This blog post has been five years in the making. Five years ago, we started exploring how our company could help with policy wordings. Immediately, we started hearing from commercial property underwriters. Can you help us review broker-manuscripted policies, these underwriters asked.
Commercial property insurance is unique in that many of the insurance policies are written specifically for customers by brokers. These broker-manuscripted policies put insurers in a difficult position, particularly in a soft market. What is included in each policy? This is a question underwriters must evaluate quickly in context of the risk and limits being adopted. For too long, review of these broker-manuscripted policies has been a chore because underwriters were not given the correct tools.
Based on thousands of hours talking to underwriters and research and developing technology solutions, we have discovered a better way to review broker manuscripted policies and we want to share it with the insurance world. This system relies on a specific combination of human expertise and machine learning (a powerful type of computer software). Humans still determine “is this clause good or bad?” but the machine learning program first intervenes to determine if a particular underwriting rule applies to an insurance clause.
As you will see, this new approach to underwriting complex commercial property risks has two primary benefits. The first benefit is obvious: speed and accuracy. The second benefit is not so obvious, but reveals itself over time: insurance carriers can eventually understand an entire portfolio of policies and the inherent risk instantly, not just at a monetary level, but also at a contract wordings level.
I will explain how, but first let’s start with the why
Why Commercial Property Policies are Difficult to Review
I remember the first time we encountered commercial property policies at RiskGenius. We had spent the previous two years preparing our machine learning index based on casualty insurance forms. When we kicked off our first Proof of Concept (back in 2016), users started uploading Commercial Property policies. And I started learning about “Perils Included” and “Perils Excluded” and “Property Covered” and “Property Not Covered.” For someone who was used to simple “Insuring Agreements” and “Exclusions”, my team and I were confused and bewildered.
But once we figured out the structure of a commercial insurance policy, we quickly learned there was another layer of confusion for the underwriters trying to tackle a review of these policies. At first, it seemed like the property underwriters needed a simple redlining tool. The commercial property underwriters explained that they did not know how to efficiently review broker-manuscripted policies. Based on feedback from these underwriters, we focused on three issues:
- Where were clauses deleted?
- Where were clauses inserted?
- Where were clauses modified?
When brokers submit a manuscripted policy, they don’t tell the underwriter what has been deleted, inserted or modified. Initially, it seemed like simple redlining was enough to solve these problems. If you go into the archives of RiskGenius ideation materials, you will see that the initial solution we were going to create was called ContractRedline (creative!). And we started building a redlining tool.

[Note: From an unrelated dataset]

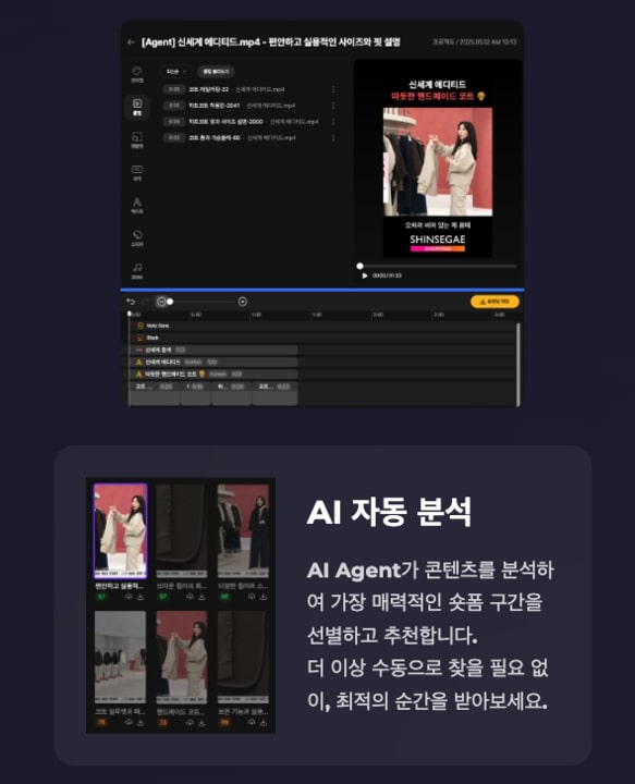 이승환: 계속해서 다른 커머스 AI 솔루션도 소개해 주시죠.남상협: ‘숏폼AI’와 ‘리뷰AI’가 있어요. 먼저 ‘숏폼AI’를 설명 드리면요. 저희가 ‘홈쇼핑모아’를 운영했잖아요. 홈쇼핑은 영상을 기반으로 판매하잖아요. 그래서 저희는 어떤 제품의 어떤 영상이 나올 때 구매가 많이 이뤄지는지, 10년 간 데이터가 쌓여 있어요. 그래서 ‘홈쇼핑모아’에 입점한 홈쇼핑사를 대상으로 ‘가장 중요한 영상’을 자동으로 잘라주는 기능을 만들었어요.

But redlining has been solved by basic software that’s available on the market. Adobe and Word have built-in redlining tools. If you simply need to redline then you should be good to go with a tool that is probably already installed on your computer.
However, there was a deeper layer to the problems faced by Commercial Property Underwriters.
Why Commercial Property Requires More than Simple Redlining
Simple redlining only gets you so far when you are reviewing a complex commercial insurance policy. An underwriter can see what has been changed, deleted or inserted. But the underwriter still has to read the darn policy and determine if the clauses that exist are good or bad.
Insurance organizations have attempted to help underwriters determine what is good or bad by creating policy review checklists. Imagine a Microsoft Word or Excel document that lists rules to follow when you review an insurance policy. An underwriter uses this checklist to review the policy.
If I was a commercial property underwriter (maybe I was in a former life?), I would probably put the checklist up on one screen and the manuscripted policy on a second screen. Then I would read each clause of the policy. When I came across a new clause, I would determine whether there was a rule pertaining to that clause. Then I would fill out the checklist accordingly. And, if changes to the policy are necessary, I would then either edit the document, or, more likely (because it is a PDF), add comments.
That's a time consuming and inefficient process.
Imagine you are reading through the Perils Excluded section of a commercial policy that includes the following exclusion: “War or other violent events.” The underwriter then looks to his checklist and says to himself “Okay, my checklist says I must have an exclusion for war. I just read a sentence in this policy that sure sounds like a war exclusion. I’m good to go.” Then the underwriter checks off “War Exclusion” and moves on with his life that, unfortunately, involves continuing this policy review (I kid, sort of).
Another example: Imagine you have a rule in your checklist that states “Mandatory clause: Cyber Exclusion”. The underwriter is supposed to read through the policy and find a cyber exclusion. If the cyber exclusion is found, then check goes the box. If the underwriter doesn’t find it, the underwriter raises an underwriting red flag, usually via email to some higher up. And so on and so forth until the policy is reviewed and the checklist is complete.
(As a quick aside, stop and think about what happens to that checklist after the review is completed. Nothing. The poor checklist sits quietly, sadly, in an electronic folder. It only sees the light of day if something bad happens, like a claim, and someone needs to be blamed. Imagine what you could do with that data, particularly if the checklist items were tied to actual clause language. More on that later.)